Susan George presents a critique of the neoliberal doctrine, rooted in a combination of conservative interpretation of neoclassical economic theory, and libertarian and ultra-individualist legal-political ideas. Susan George convincingly shows that the dominance of neoliberalism owes little to its intrinsic merit; nor was it a "natural" outcome of intellectual debate.
Rather, it followed a systematic and lavishly funded effort to "sell" the ideology through think tanks, select university departments, policy institutes and key individuals in the media. She explores and exposes the institutional framework through which this $1 billion enterprise was conducted.
Mike Marquesee's chapter is a searing critical analysis of American exceptionalism and its historical roots in settler colonialism. This notion sees the U.S. not just as a territorial entity, but as a "great social experiment", which must be propagated — if necessary, through colonial wars and the Monroe Doctrine. American exceptionalism sees the U.S. as the ultimate telos and goal of modernity itself.

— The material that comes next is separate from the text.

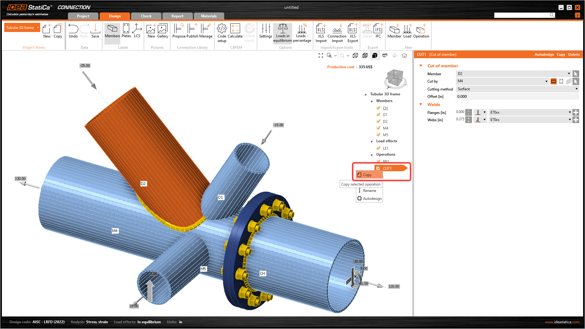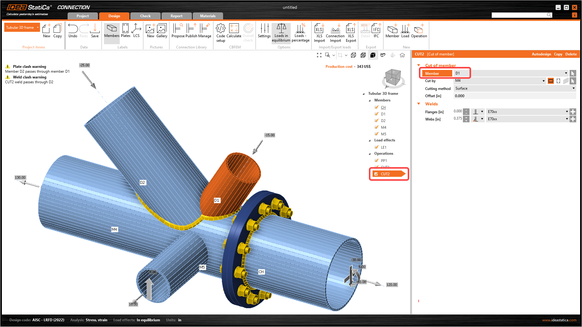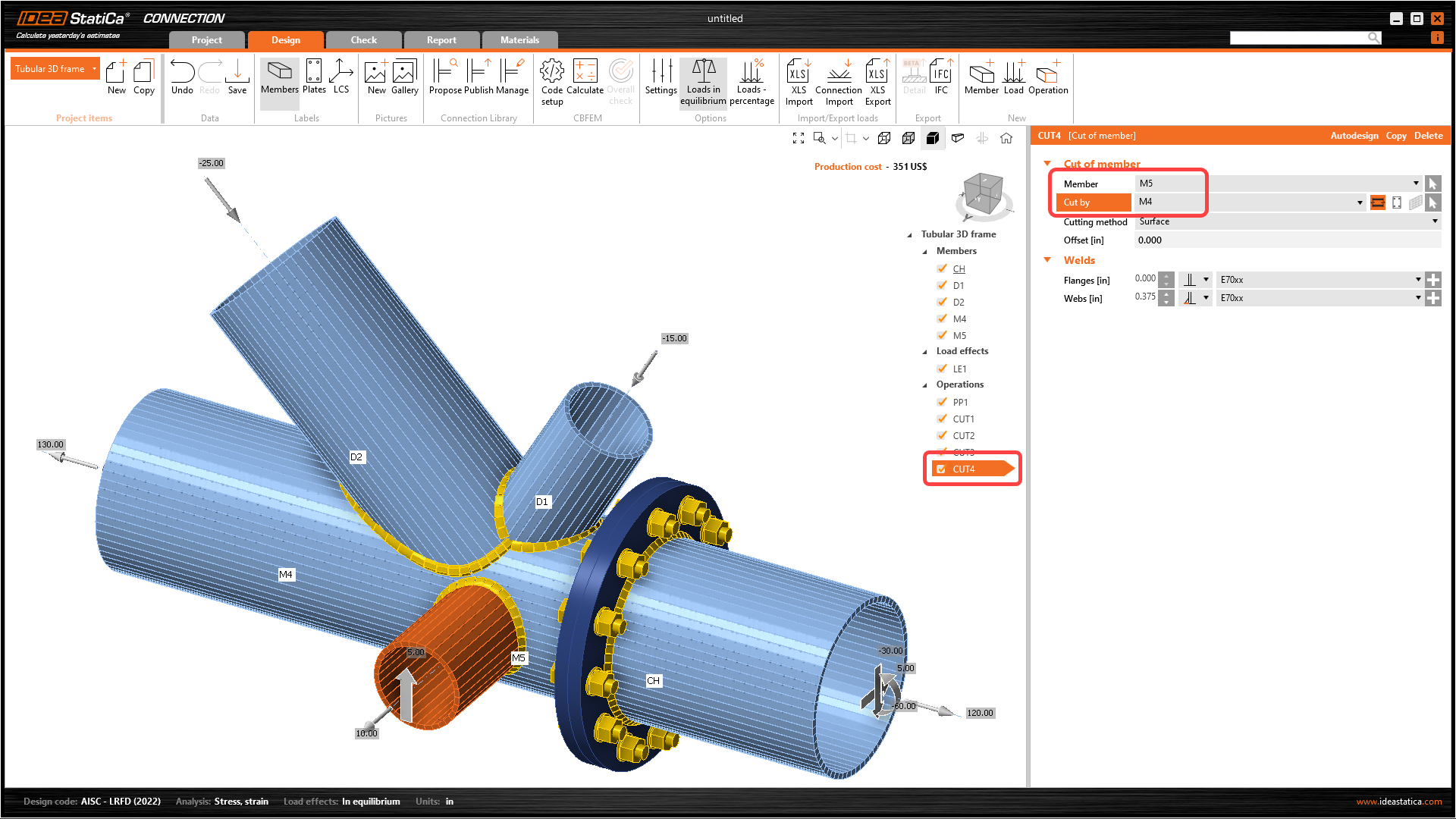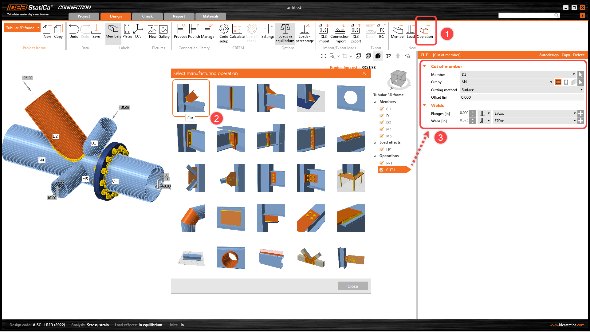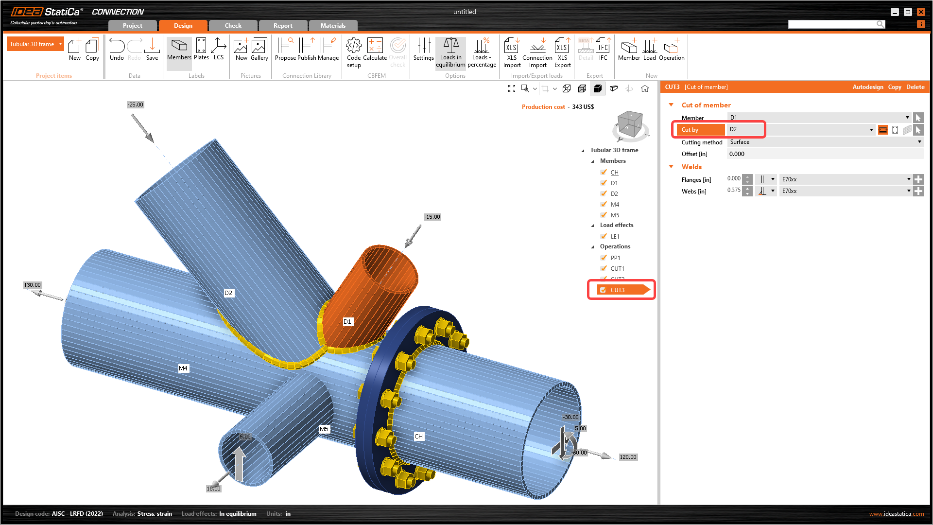 Now, connect the other members by the Cut manufacturing operations. Add a new operation through the Operation feature at the top ribbon to cut member D2. Change the properties of the operation CUT1 following the image below.

Marquesee explains how this exceptionalism survives despite the blows delivered by the U.S.' ignominious defeat in the Vietnam war and the visible inferiority of the U.S. model of capitalism in relation to its Western European variants in respect of, say, public services.
The six chapter presentations that follow delve into the rationalising banners, by analysing their provenance and purpose, and their structural weaknesses and deceitful nature. They also suggest some alternative approaches.
Vanaik argues that the one-sided view of terrorism contained in the dominant discourse in the U.S. (which excludes state terrorism altogether), and the militarised solutions offered to it through GWOT, is an excellent "framing device" for the imperial project and "possesses the greatest capacity to mobilise domestic support for the U.S. pursuit of Empire abroad".
Vanaik, however, dissects GWOT's failure. He holds that demonisation of Islam and Muslims is "an inevitable corollary" of GWOT. Vanaik offers the International Criminal Court as an alternative framework within which to prosecute and punish terrorist acts.
Zia Mian takes apart the WMD argument as an excuse for waging war on Iraq. Washington deliberately concocted falsehoods about Saddam Hussein's pursuit of WMD and manipulated the media. The "in the wrong hands" proposition is a means of selectively rewarding friends, allies or client-states, while attacking enemies and "Axis of Evil" states.
Mian documents the U.S.' spectacular hypocrisy in developing new uses for and designs of nuclear weapons and ballistic missile defence systems, while preaching disarmament to others. He also shows how the mystique built around the bomb comes back repeatedly to haunt the U.S. through its spread to other countries. This is the inevitable consequence of the "Empire of Fear".
The U.S. claims that its wars in Central and West Asia were rationally calculated to promote regime change in the interests of "democracy"; or they were humanitarian interventions, necessitated by the failure/paralysis of the multilateral system (the United Nations, in particular). This argument has some resonance outside the U.S., especially given the context of the former Yugoslavia, Somalia and Rwanda — although the U.S. and its North Atlantic Treaty Organisaion (NATO) allies failed to act in these very cases.
But as Mariano Aguirre shows, unilateral, offensive, armed intervention mocks at international law and weakens multilateral institutions that ought logically to intervene and honour their obligation to protect threatened civilians.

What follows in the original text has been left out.